I am Associate Professor of Sociology at Princeton University where I am also affiliated with the Politics Department, the Office of Population Research, the Princeton Institute for Computational Science and Engineering, The Center for Information Technology Policy and the Center for the Digital Humanities. I currently serve as an Associate Editor at Sociological Methods & Research handling text as data manuscripts. I develop new quantitative statistical methods for applications across computational social science. I completed my PhD in Government at Harvard in 2015 where I had the good fortune of working with the interdisciplinary group at IQSS. I also earned a master's degree in Statistics from Harvard in 2014.
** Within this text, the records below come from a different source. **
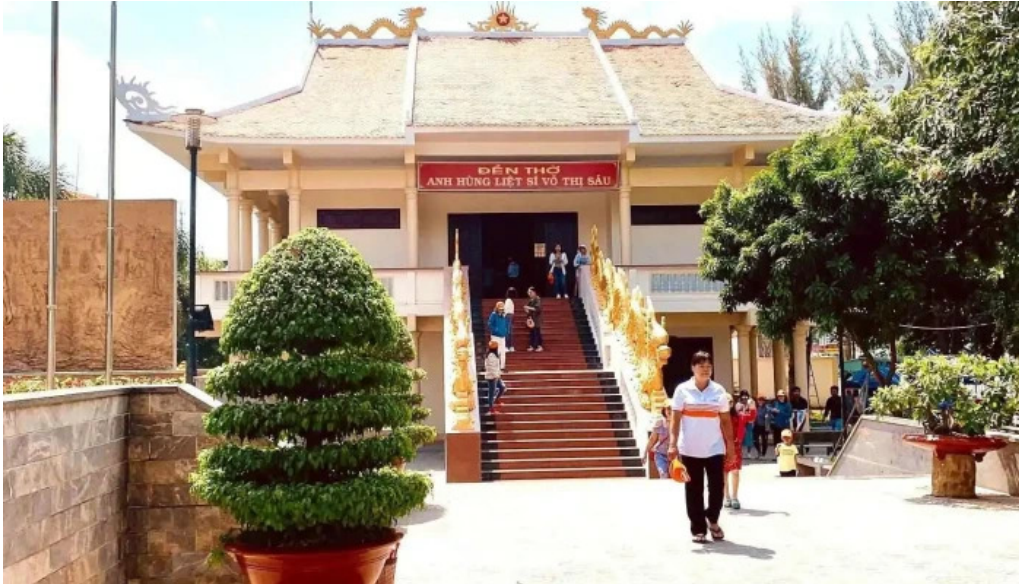
Den tho anh hung liet si vo thi sau tat ca
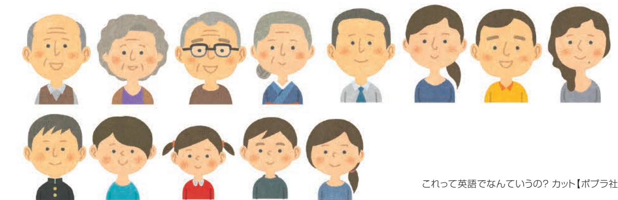
これって英語でなんていうの? カット【ポプラ社】
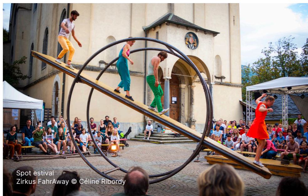
Spot estival Zirkus FahrAway © Céline Ribordy
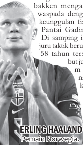
ERLING HAALAND Pemain Norwegia.

Perlu diketahui kedua tim belum pernah bertemu sebelumnya. Maka, laga diprediksi berjalan alot, keras dan seru. ●vit
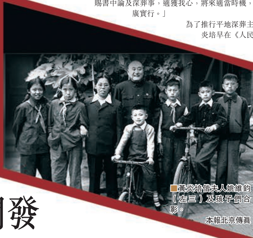
黃炎培偕夫人姚維鈞(左三)及孩子們合影。
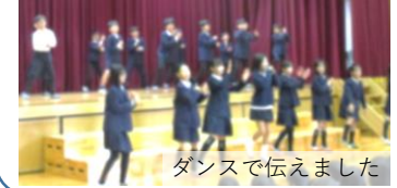
ダンスで伝えました
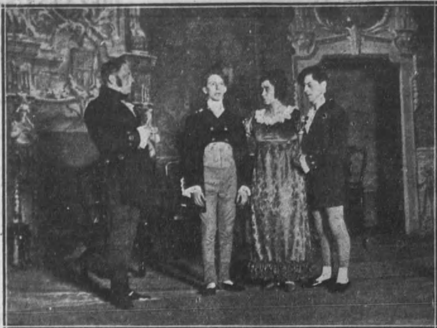
Una escena de la comedia de D. Jacinto Benavente titulada «Por ser con todos leal, ser para todos traidor», cuyo estreno en el teatro del Centro ha constituido un gran éxito.
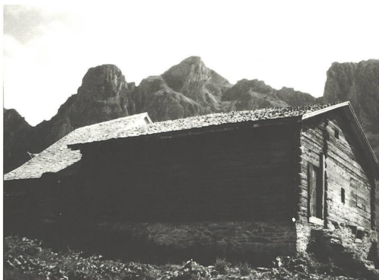
Il «Huis», la chasa-cumin dals Gualsers da Palfris, bajegiada l'onn 1409.

1409 sco data da la construcziun. Cuntrari a la chasa-cumin è la chaplutta si Palfris scumparida. Sin il plan da l'alp Palfris, conservà en la laudaun d'alp, èn ses mirs da fundament marcads cunfinant als
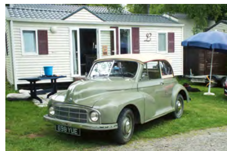
Træffets ældste deltager. Serie MM Tourer fra 1950.

Der var også et par sideventilede Serie MM'er, der havde taget kampen op mod bakkerne.
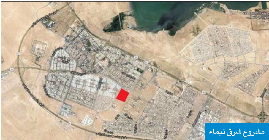
مشروع شرق تيماء

طرحت المؤسسة العامة للرعاية السكنية، أمس، مناقصة لأول مشاريعها لخدمة «من باع بيته» لإنشاء وإنجاز وصيانة 509 بيوت في مشروع شرق تيماء، مع أعمال الطرق وشبكات البنية التحتية ومواقف السيارات والمباني العامة ومحطات الكهرباء الفرعية، على أن يكون الإقبال في 26 ديسمبر المقبل، وتعكف «السكنية» على تجهيز البيوت لأصحابها من المواطنين، تنفيذاً للقانون الصادر بشأن فئة «من باع بيته» من المشمولين بالقانون للسكن على شكل ارتفاع بصفة إيجار بمبالغ رمزية. وأشارت المؤسسة إلى أنها حددت المناقصة على 11 شركة محلية وهي: الأحمدي، المقاولون العرب، الخليج المتحدة، الغانم إنترناشونال، اتحاد المقاولين، المنشآت المتحدة، كتر، المبانى المتحدة، ساي، سيد حميد وخالد الخرافي، ونوهت بأنه سيبستبعد من قائمة المقاولين المؤهلين التي يتم اعتمادها للاشتراك بالمناقصات المقاولون الذين لم
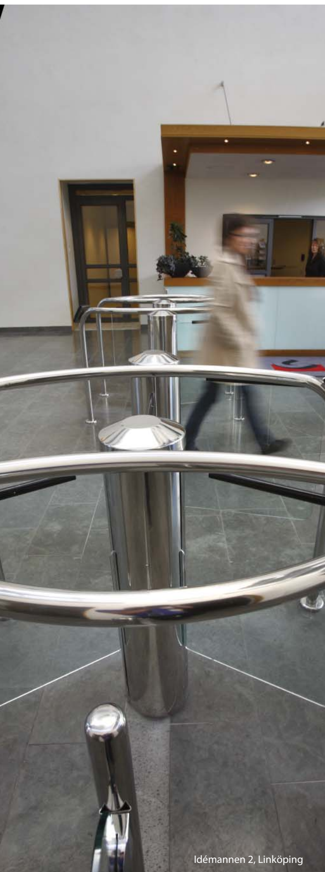
Idémannen 2, Linköping

Aktiekapitalet uppgår till 86 003 354 kronor, fördelat på 172 006 708 aktier med ett kvotvärde om vardera 0,50. Varje aktie, förutom återköpta egna aktier om 8 006 708 stycken, berättigar till en röst och medför lika rätt till andel i Castellums kapital. Castellum har ingen direktregistrerad aktieägare med ett innehav överstigande 10%.
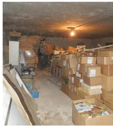
Mokyklos rūsiuose rūšiuojame makulatūrą
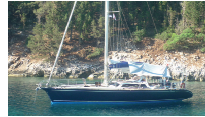
PICASO Vaton 14m PICARD Jérôme
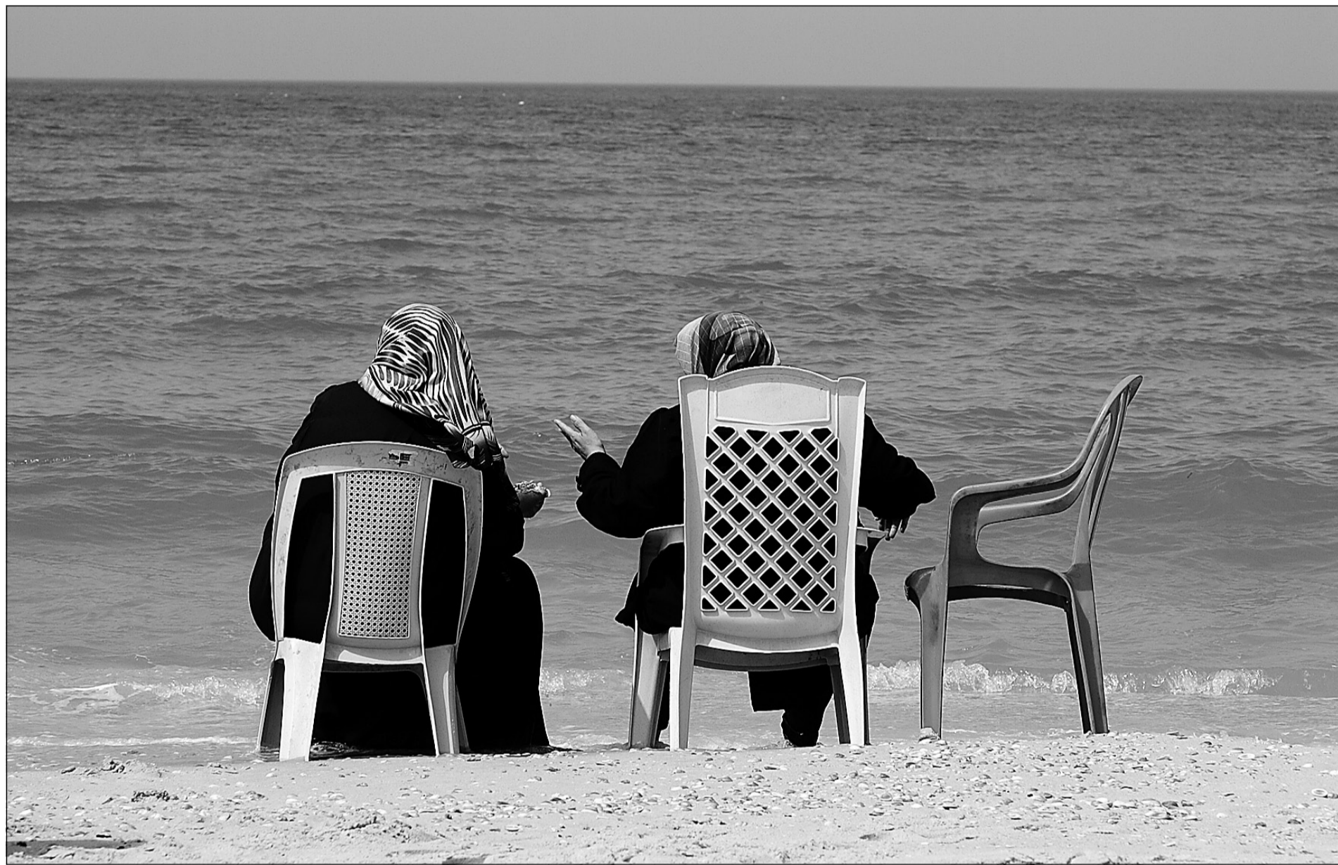
Un petit coin de plage où les Palestiniens peuvent profiter de la Méditerranée.

Et ce n'est pas fini : un véritable terminal qui, de l'extérieur, a des allures d'aérogare, est en construction à la sortie de Gaza. L'affiche qui, à notre arrivée, nous souhaite « Bienvenue à Erez » sonne presque comme une mauvaise blague.
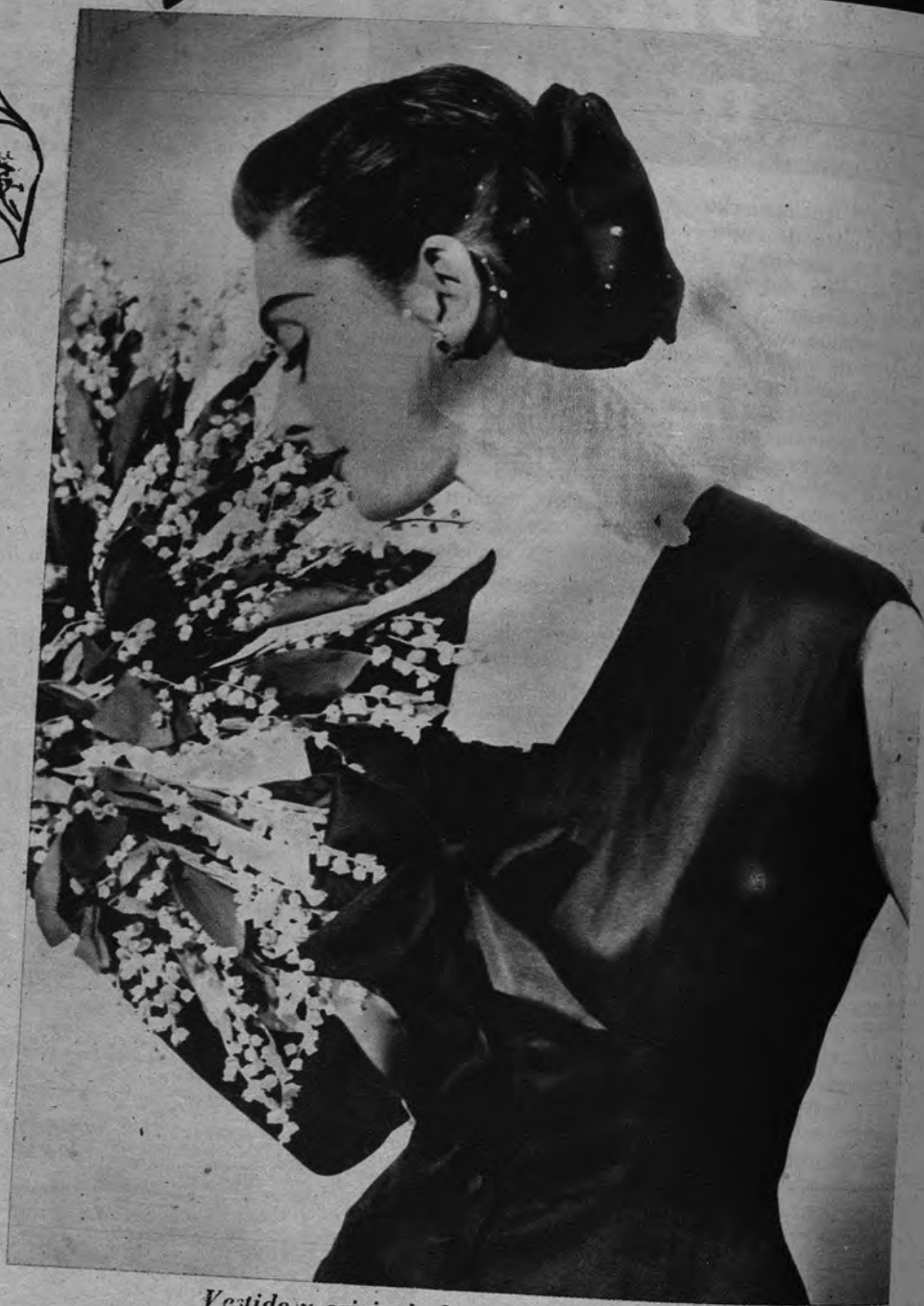
Vestido y original abanico, de Jean Patou

No hace falta advertir que en estas sombrillas, construidas por mitad con la técnica habitual de las
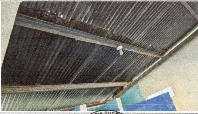
Foto 11: REMOZAMIENTO DE TECHO SUMINISTRO E INSTALACION DE ESTRUCTURA METALICA.
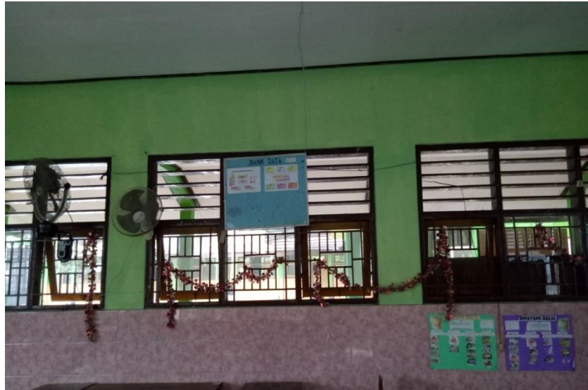
Gambar 4.3 Dokumentasi ruang kelas 5 di MIN 4 Tulungagung 18

Gambar di atas membuktikan bahwa ruang kelas di MIN 4 Tulungagung didesain semenarik mungkin untuk menumbuhkan minat dan semangat siswa dalam belajar dikelas. Ruang kelas merupakan proses terjadinya pembelajaran. Desain ruang kelas yang menarik serta kondisi kelas yang bersih akan membuat suasana ruang kelas terlihat indah serta nyaman digunakan dalam proses pembelajaran. Hal ini diperkuat dengan apa yang disampaikan oleh Ibu Choirunikmah, S.Pd.I. beliau mengatakan bahwa:
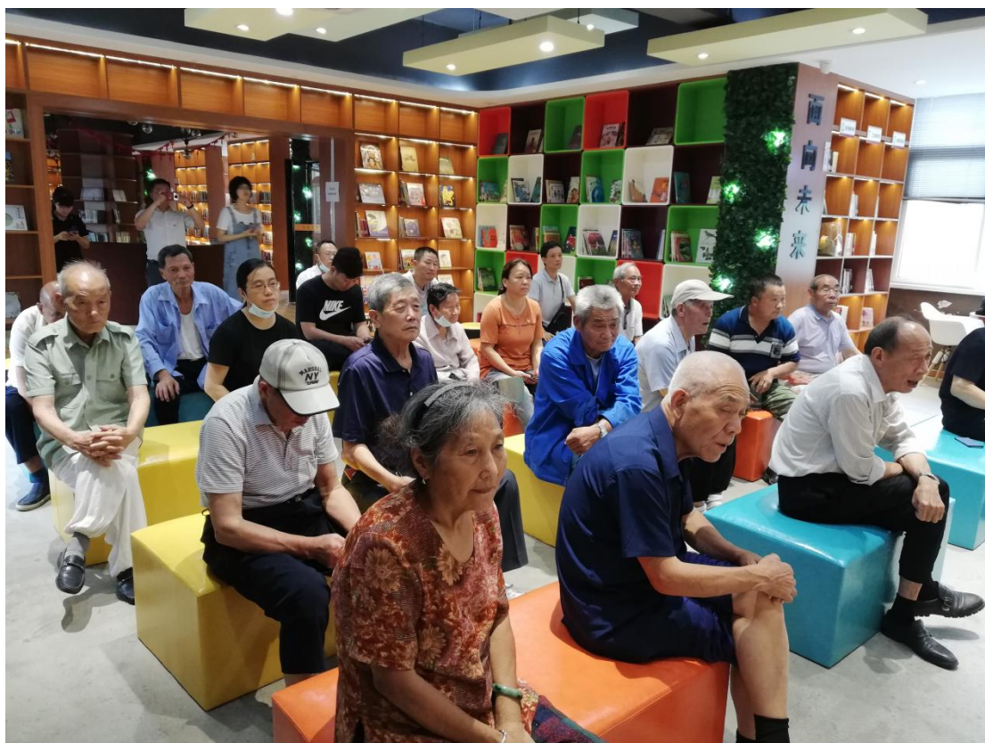
“文化讲坛 文化讲坛”——中国共产党的辉煌历程
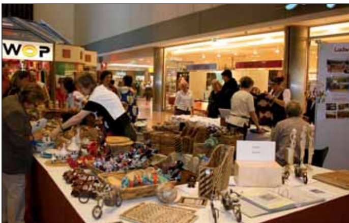
Der Ruanda-Stand des Förderkreises Rwankuba aus Ludwigshafen-Maudach.

Fast 300 Zuhörerinnen und Zuhörer lauschten den Beiträgen der Grundschule „Domholzschole“ Limburgerhof.
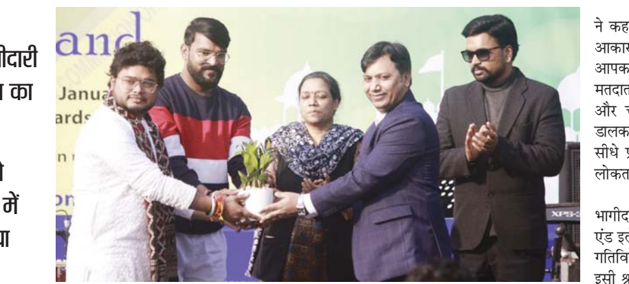
मतदान का दिन सप्ताह के मध्य में रखा है ताकि ज्यादा से ज्यादा लोग मतदान करें।

चुनाव आयोग चुनाव में कम मत प्रतिशत को लेकर चिंतित है। खासकर शहरी क्षेत्रों में मतदान के प्रति उदासीनता पर चिंता जाहिर की। इसके मद्देनजर आयोग ने राष्ट्रीय राजधानी में
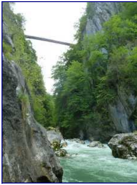
Depuis le 'chaos' du Chéran, le pont, 104 m plus haut.
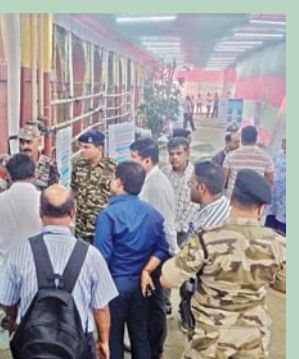
కోల్ కతాలోని ఓ కౌంటింగ్ కేంద్రంలో ఆదివారం ఏర్పాట్లను పరిశీలిస్తున్న అధికారులు

అరోపణలు, వాగ్దానాలు, ర్యాలీలతో ప్రారంభమై నేడు కౌంటింగ్ ముగియనుంది. ఉత్సాహంతో నాటికీయతకు తెరపడనుంది. ఐదు రాష్ట్రాల్లో విభిన్న రాజకీయ పరిణామాలు, ఐదు విభిన్న చోటీలు. ఎనిమిది >>2
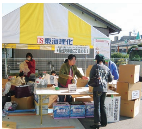
▲海外救援衣料の回収

I've worked in the fields of text as data, causal inference, and the combination of the two. My publications can be found here on my publications page or (probably more up to date on) Google Scholar. A few highlights
- Justin Grimmer, Molly Roberts and I have a 2022 book at Princeton University Press, Text as Data: A New Framework for Machine Learning and the Social Sciences, which provides a guide to using computational text analysis to learn about the social world. I gave a short recorded talk on this area of work for the Princeton Talks series.
- My former graduate student Naoki Egami (Columbia Political Science), my postdoc Musashi Hinck (now Research Scientist at Intel AI Labs), Naoki's graduate student Hanying Wei and I developed Design-based Supervised Learning, a flexible strategy for addressing error in machine-learning produced outcomes or covariates. Software is available at http://dsl.software. We have a new (June 2024) working paper for social scientists.
- My graduate students Ian Lundberg (now an assistant professor at UCLA Sociology) and Rebecca Johnson (now assistant professor at Georgetown Public Policy) published "What is Your Estimand?" in American Sociological Review about the disconnect between claims and evidence in the social sciences.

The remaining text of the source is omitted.